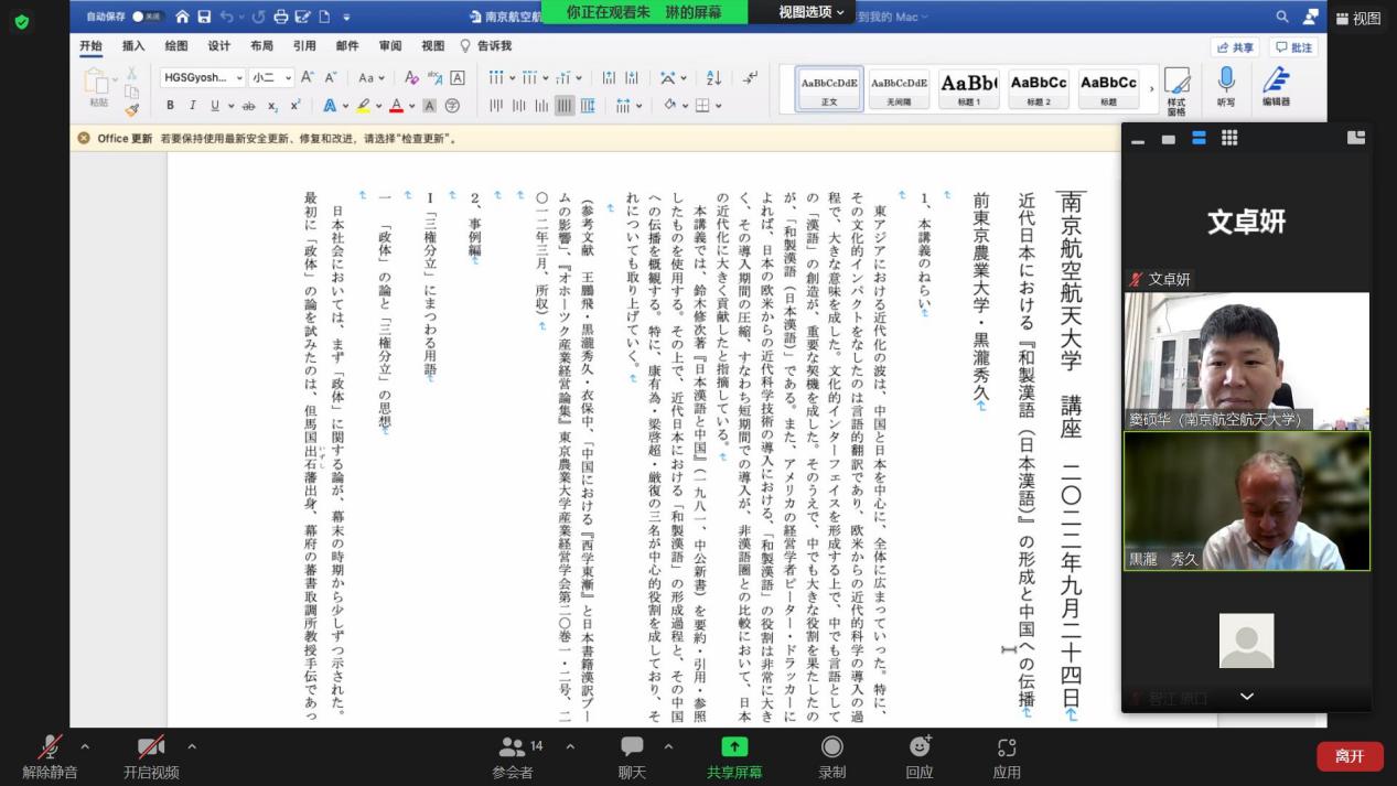 9月24日(周六)上午9:00,亚洲色情 日语系海外名师讲坛第四讲通过ZOOM线上会议成功进行。本次讲座主题为“近代日本における『和製漢語(日本漢語)』の形成と伝播”,主讲嘉宾为原东京农业大学黒瀧秀久教授。
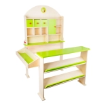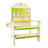 Moderný drevený predajný stánok nielenže rozvíja komunikačné a počtové zručnosti detí, ale tiež podporuje ich kreativitu. Je vybavený úložnými priestormi, ktoré zahŕňajú šikmé police na ukladanie debienok a samostatné police pre makety a tovar. Zadná stena obsahuje odkladacie plochy a skrinky s funkčnými dvierkami. Na vrchole stojana sú hodiny, ktoré deti môžu využiť na učenie času a určenie otváracích hodín.
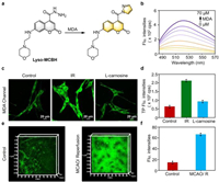 | Fig. 12. (a) MDA sensing mechanism of Lyso-MCBH. (b) FL spectra. (c) Two-photon fluorescence imaging cell models. (d) FL intensities in (c). (e) Two-photon 3D fluorescence imaging in mice models. (f) FL intensities in (e). Reproduced with permission [84]. Copyright 2023, American Chemical Society. | |
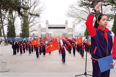 青山埋忠骨,清明祭英烈。4月2日,灵丘县育英小学组织部分学生来到平型关烈士陵园开展追思祭扫活动,随后来到光荣院聆听老战士讲述革命故事。 本报记者 张占兵 通讯员 张宗昌摄
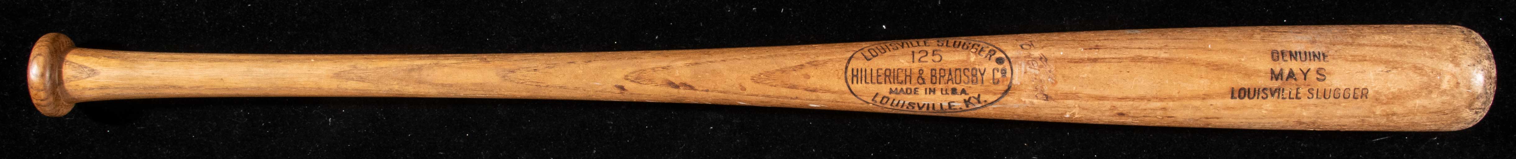 Description:Willie Mays professional model baseball bat c.1968 (PSA/DNA GU8). Louisville Slugger 125 model bat measures 35” long and weighs 34.6 ounces. The bat remains showing fine evidence of moderate use including ball marks, blue bat rack streaks, and grain swelling. Strong eye appeal with noted condition points of a small professionally repaired knob chip and several bruises visible on and around the barrel area. Model number D2 stamped on knob end with “Mays” impressed in block lettering on the barrel. This bat is the one of only three game bats within the Mays Collection and the only non All-Star Game related variant. Includes LOA from PSA/DNA (GU 8) and certificate of provenance from the Willie Mays Collection : EX
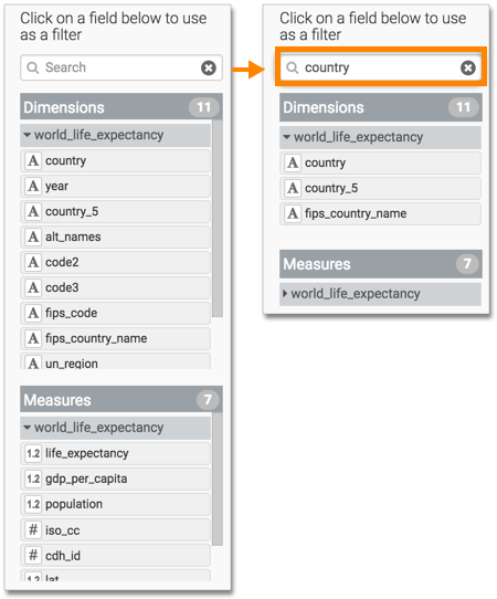 For datasets built on very wide tables, this option helps you find the base field for your filter.
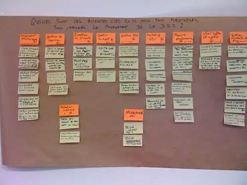 - Les cartes sont mélangées ou battues, puis lues avec soin. - Puis les cartes sont triées et regroupées quand elles semblent appartenir au même groupe d'informations. Le cluster ainsi formé reçoit un nom que l'on écrit sur une carte de couleur différente que l'on place sur le cluster. - Ce processus de constitution de groupes devra être répété jusqu'à avoir 9 clusters au maximum.
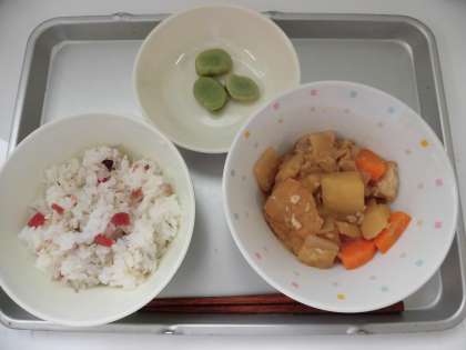 献立 梅じゃこご飯、五目うま煮、そらまめの塩ゆで、牛乳
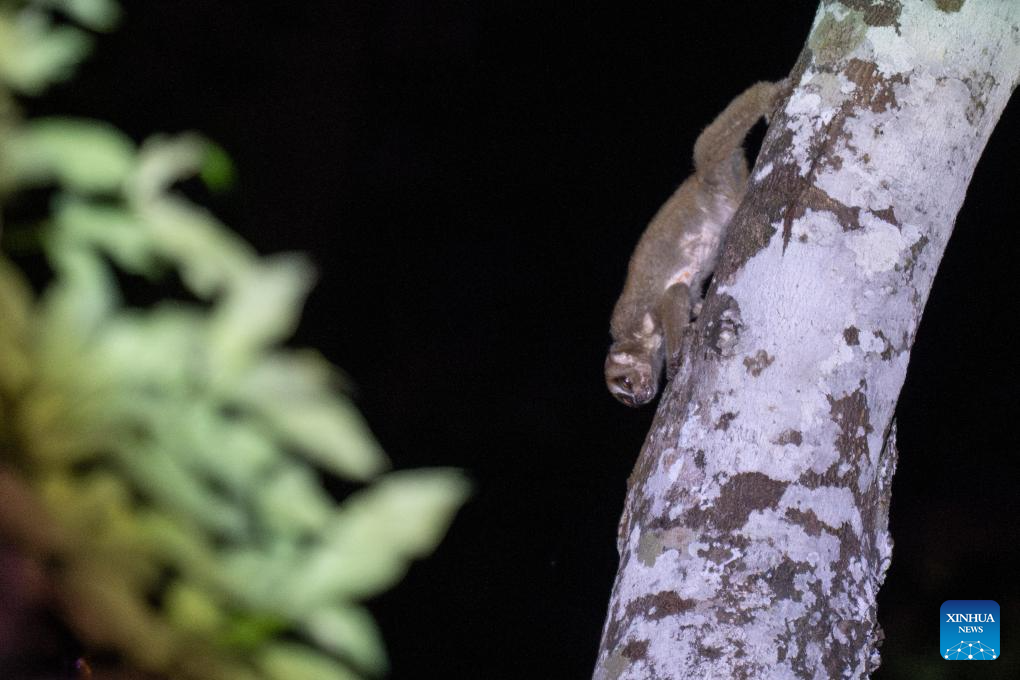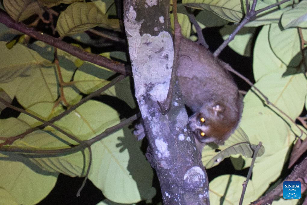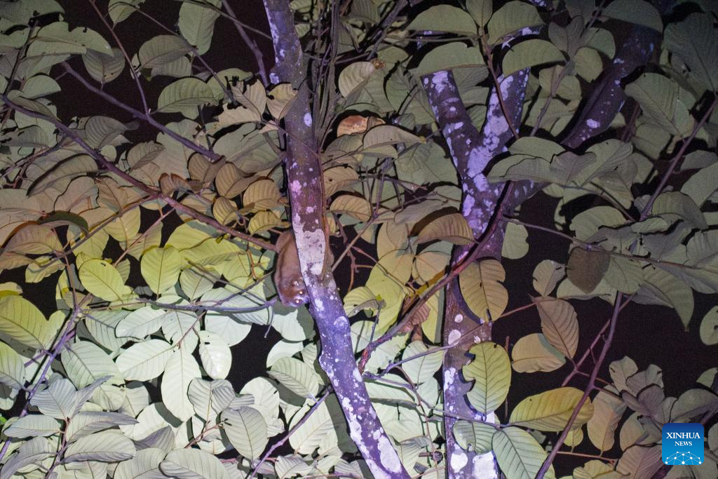 A wild Sunda slow loris is pictured in the forest of Singapore's Central Catchment Nature Reserve, on Oct. 7, 2024. (Photo by Then Chih Wey/Xinhua)
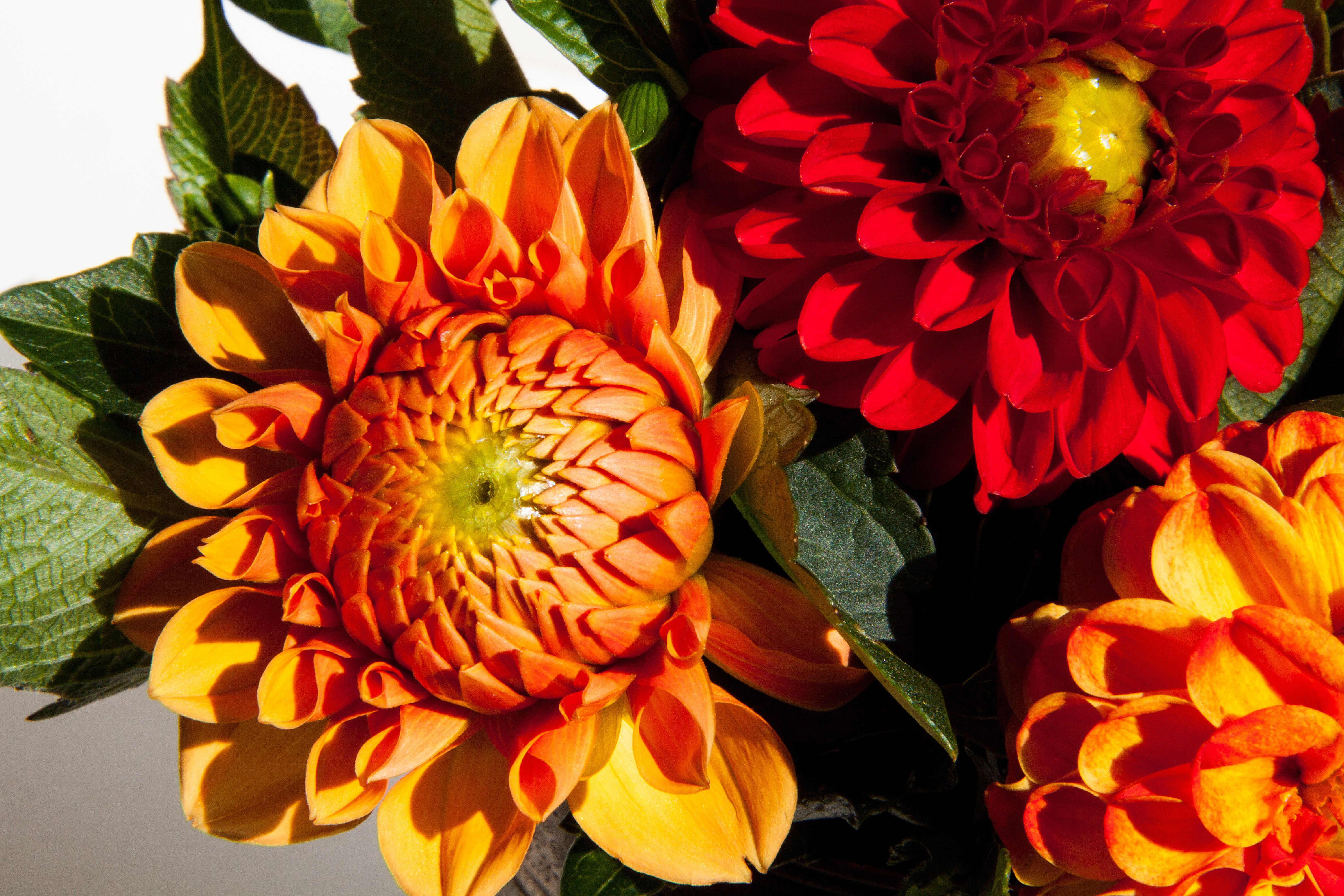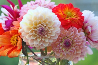 С лилиями, каллами или розами георгины лучше не компоновать. Кроме того, при создании букета нужно правильно и гармонично подобрать цветовые гаммы цветов. Если георгины имеют светлый окрас, дополнительные цветы тоже лучше брать светлых оттенков, чтобы не затмить основные букеты ярким цветом. А вот разноцветные георгины можно дополнить и яркими, и светлыми бутонами, чтобы подчеркнуть их красоту. Немного фантазии – и букет получится ярким, пышным, привлекательным.
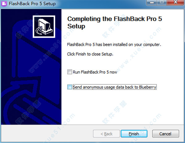 7、软件BB FlashBack Pro 5安装完成,去掉方框内的勾“√”防止软件自动运行打开,这对下面进行破解很重要,最后点击“finish”退出安装程序即可
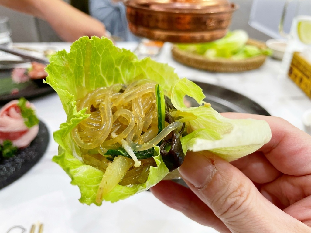 ↓因為雜菜冬粉口味比較重,店員妹妹建議我們搭配生菜吃。這概念是很不錯啦,但你們家生菜就只給一份還不能續,用這在這邊我等等怎麼包肉吃啊。
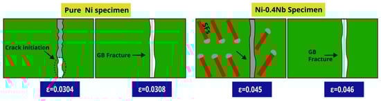 - Jha, R.; Bhuyan, P.; Mandal, S.; Pal, S. Insights into the role of Nb segregation on grain boundary structural transition and mechanical response in a Ni-Nb system. Mater. Chem. Phys. 2023, 299, 127531. [Google Scholar] [CrossRef]
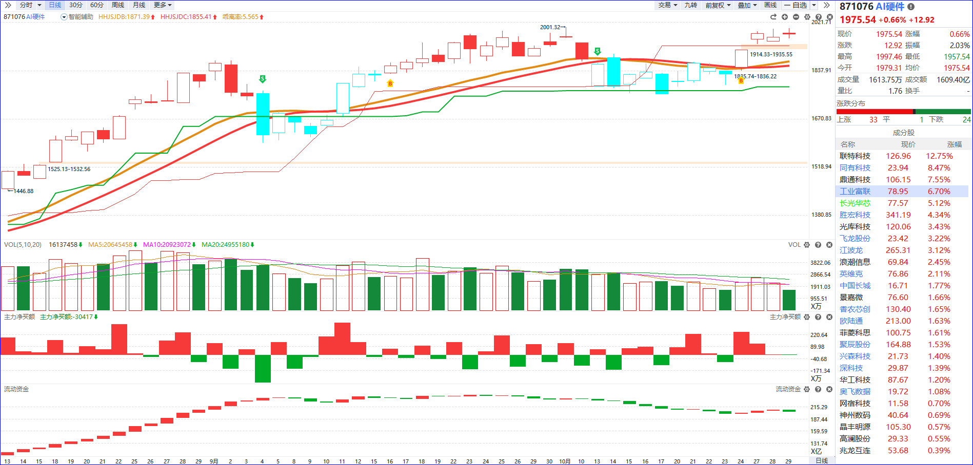 从软件信号看,近期AI硬件板块资金面表现亮眼,流动资金以翻红为主,主力净买额延续红肥绿瘦的积极态势,资金高度集中于具备清晰产业逻辑、且订单规模超市场预期的少数龙头企业。其中,中际旭创、新易盛、工业富联等代表性标的持续突破前期高点,彰显板块核心资产的配置价值。不过需注意,当前板块整体上涨强度相对温和,且在前期积累了较多获利盘的背景下,多只个股已出现冲高回落的震荡调整信号,短期需警惕获利回吐压力。展望后续,随着板块流动资金持续保持翻红状态,这一信号将直接推动市场资金活跃度与整体做多情绪显著回升。从资金轮动规律来看,后续板块内的赚钱效应有望突破当前少数龙头独强的格局,逐步向更多具备业绩支撑或技术壁垒的标的扩散,为板块带来更广阔的结构性机会。

- [Task requirements]:
Output the records above in their entirety and exactly, leaving out all images.

- [Response to this exercise]:
 9月24日(周六)上午9:00,亚洲色情 日语系海外名师讲坛第四讲通过ZOOM线上会议成功进行。本次讲座主题为“近代日本における『和製漢語(日本漢語)』の形成と伝播”,主讲嘉宾为原东京农业大学黒瀧秀久教授。
 Moderný drevený predajný stánok nielenže rozvíja komunikačné a počtové zručnosti detí, ale tiež podporuje ich kreativitu. Je vybavený úložnými priestormi, ktoré zahŕňajú šikmé police na ukladanie debienok a samostatné police pre makety a tovar. Zadná stena obsahuje odkladacie plochy a skrinky s funkčnými dvierkami. Na vrchole stojana sú hodiny, ktoré deti môžu využiť na učenie času a určenie otváracích hodín.
 | Fig. 12. (a) MDA sensing mechanism of Lyso-MCBH. (b) FL spectra. (c) Two-photon fluorescence imaging cell models. (d) FL intensities in (c). (e) Two-photon 3D fluorescence imaging in mice models. (f) FL intensities in (e). Reproduced with permission [84]. Copyright 2023, American Chemical Society. | |
 青山埋忠骨,清明祭英烈。4月2日,灵丘县育英小学组织部分学生来到平型关烈士陵园开展追思祭扫活动,随后来到光荣院聆听老战士讲述革命故事。 本报记者 张占兵 通讯员 张宗昌摄
 Description:Willie Mays professional model baseball bat c.1968 (PSA/DNA GU8). Louisville Slugger 125 model bat measures 35” long and weighs 34.6 ounces. The bat remains showing fine evidence of moderate use including ball marks, blue bat rack streaks, and grain swelling. Strong eye appeal with noted condition points of a small professionally repaired knob chip and several bruises visible on and around the barrel area. Model number D2 stamped on knob end with “Mays” impressed in block lettering on the barrel. This bat is the one of only three game bats within the Mays Collection and the only non All-Star Game related variant. Includes LOA from PSA/DNA (GU 8) and certificate of provenance from the Willie Mays Collection : EX
 For datasets built on very wide tables, this option helps you find the base field for your filter.
 - Les cartes sont mélangées ou battues, puis lues avec soin. - Puis les cartes sont triées et regroupées quand elles semblent appartenir au même groupe d'informations. Le cluster ainsi formé reçoit un nom que l'on écrit sur une carte de couleur différente que l'on place sur le cluster. - Ce processus de constitution de groupes devra être répété jusqu'à avoir 9 clusters au maximum.
 献立 梅じゃこご飯、五目うま煮、そらまめの塩ゆで、牛乳
 A wild Sunda slow loris is pictured in the forest of Singapore's Central Catchment Nature Reserve, on Oct. 7, 2024. (Photo by Then Chih Wey/Xinhua)
 С лилиями, каллами или розами георгины лучше не компоновать. Кроме того, при создании букета нужно правильно и гармонично подобрать цветовые гаммы цветов. Если георгины имеют светлый окрас, дополнительные цветы тоже лучше брать светлых оттенков, чтобы не затмить основные букеты ярким цветом. А вот разноцветные георгины можно дополнить и яркими, и светлыми бутонами, чтобы подчеркнуть их красоту. Немного фантазии – и букет получится ярким, пышным, привлекательным.
 7、软件BB FlashBack Pro 5安装完成,去掉方框内的勾“√”防止软件自动运行打开,这对下面进行破解很重要,最后点击“finish”退出安装程序即可
 ↓因為雜菜冬粉口味比較重,店員妹妹建議我們搭配生菜吃。這概念是很不錯啦,但你們家生菜就只給一份還不能續,用這在這邊我等等怎麼包肉吃啊。
 - Jha, R.; Bhuyan, P.; Mandal, S.; Pal, S. Insights into the role of Nb segregation on grain boundary structural transition and mechanical response in a Ni-Nb system. Mater. Chem. Phys. 2023, 299, 127531. [Google Scholar] [CrossRef]
 从软件信号看,近期AI硬件板块资金面表现亮眼,流动资金以翻红为主,主力净买额延续红肥绿瘦的积极态势,资金高度集中于具备清晰产业逻辑、且订单规模超市场预期的少数龙头企业。其中,中际旭创、新易盛、工业富联等代表性标的持续突破前期高点,彰显板块核心资产的配置价值。不过需注意,当前板块整体上涨强度相对温和,且在前期积累了较多获利盘的背景下,多只个股已出现冲高回落的震荡调整信号,短期需警惕获利回吐压力。展望后续,随着板块流动资金持续保持翻红状态,这一信号将直接推动市场资金活跃度与整体做多情绪显著回升。从资金轮动规律来看,后续板块内的赚钱效应有望突破当前少数龙头独强的格局,逐步向更多具备业绩支撑或技术壁垒的标的扩散,为板块带来更广阔的结构性机会。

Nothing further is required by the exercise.